Me, Myself, and AI: The Situational Awareness Dataset (SAD) for LLMs

Laine, Rudolf; Chughtai, Bilal; Betley, Jan; Hariharan, Kaivalya; Scheurer, Jeremy; Balesni, Mikita; Hobbhahn, Marius; Meinke, Alexander; Evans, Owain

Abstract:AI assistants such as ChatGPT are trained to respond to users by saying, "I am a large language model". This raises questions. Do such models know that they are LLMs and reliably act on this knowledge? Are they aware of their current circumstances, such as being deployed to the public? We refer to a model's knowledge of itself and its circumstances as situational awareness.
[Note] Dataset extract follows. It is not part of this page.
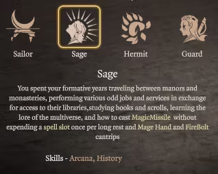 Sage(学者): 技能熟练:奥术和历史;法术:魔法手、火球、魔弹。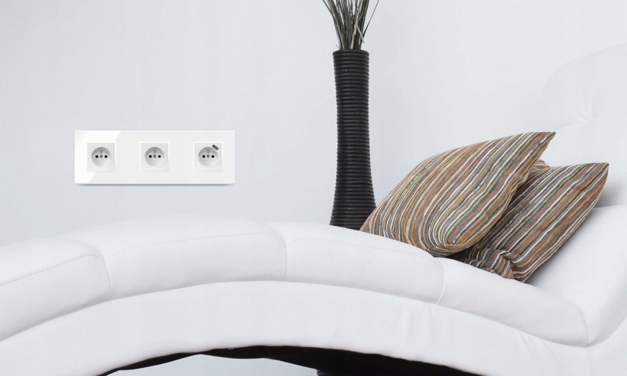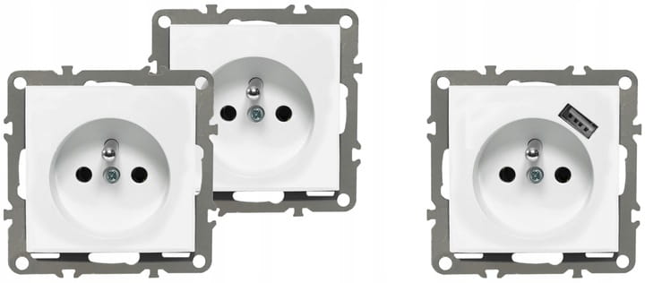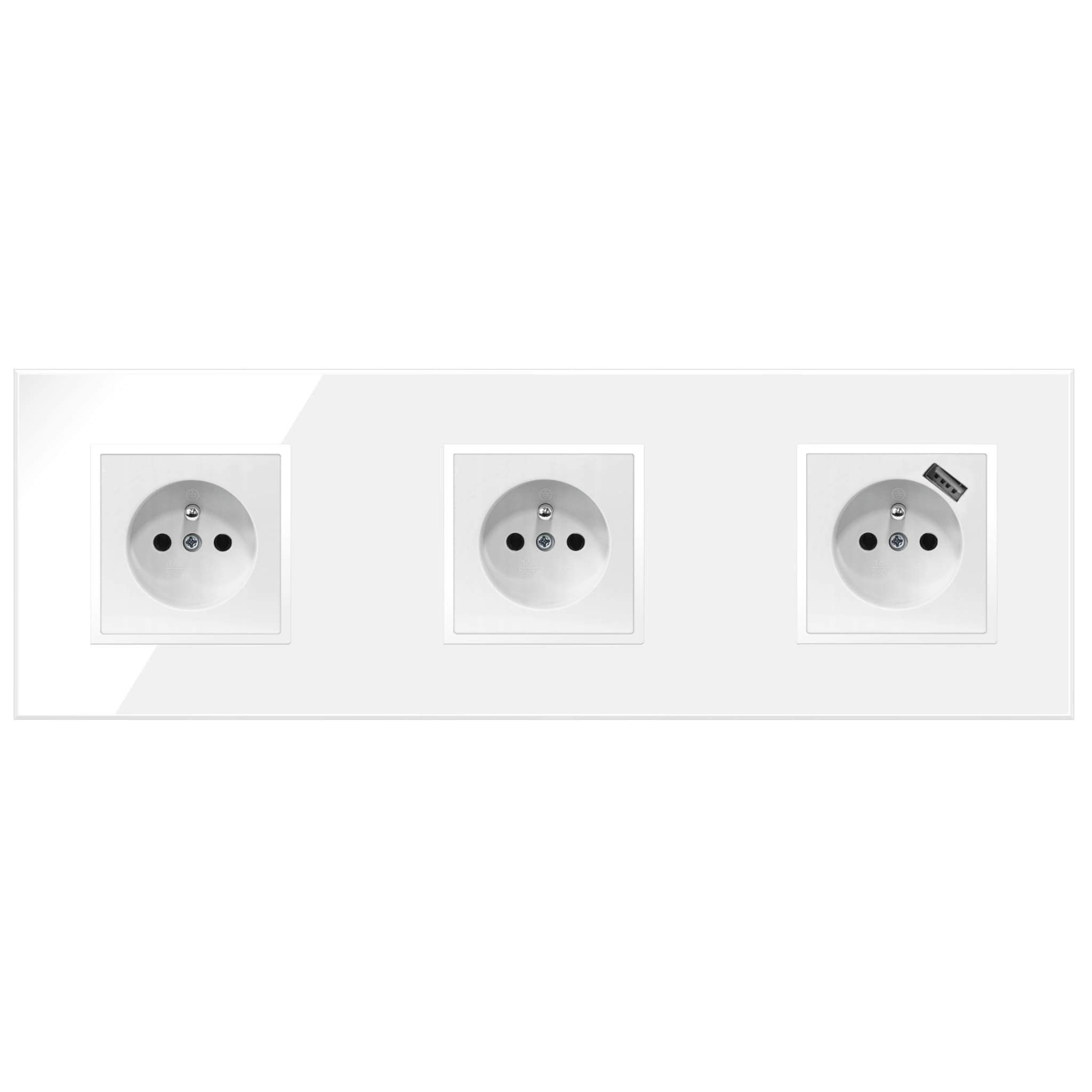 - Rodzaj:2x gniazdko pojedyncze z bolcem oraz 1x gniazdo z bolcem i ładowarką USB, w ramce potrójnej szklanej białej,

To quantify situational awareness in LLMs, we introduce a range of behavioral tests, based on question answering and instruction following. These tests form the $\textbf{Situational Awareness Dataset (SAD)}$, a benchmark comprising 7 task categories and over 13,000 questions. The benchmark tests numerous abilities, including the capacity of LLMs to (i) recognize their own generated text, (ii) predict their own behavior, (iii) determine whether a prompt is from internal evaluation or real-world deployment, and (iv) follow instructions that depend on self-knowledge.
We evaluate 16 LLMs on SAD, including both base (pretrained) and chat models. While all models perform better than chance, even the highest-scoring model (Claude 3 Opus) is far from a human baseline on certain tasks. We also observe that performance on SAD is only partially predicted by metrics of general knowledge (e.g. MMLU). Chat models, which are finetuned to serve as AI assistants, outperform their corresponding base models on SAD but not on general knowledge tasks. The purpose of SAD is to facilitate scientific understanding of situational awareness in LLMs by breaking it down into quantitative abilities. Situational awareness is important because it enhances a model's capacity for autonomous planning and action. While this has potential benefits for automation, it also introduces novel risks related to AI safety and control. Code and latest results available at this https URL .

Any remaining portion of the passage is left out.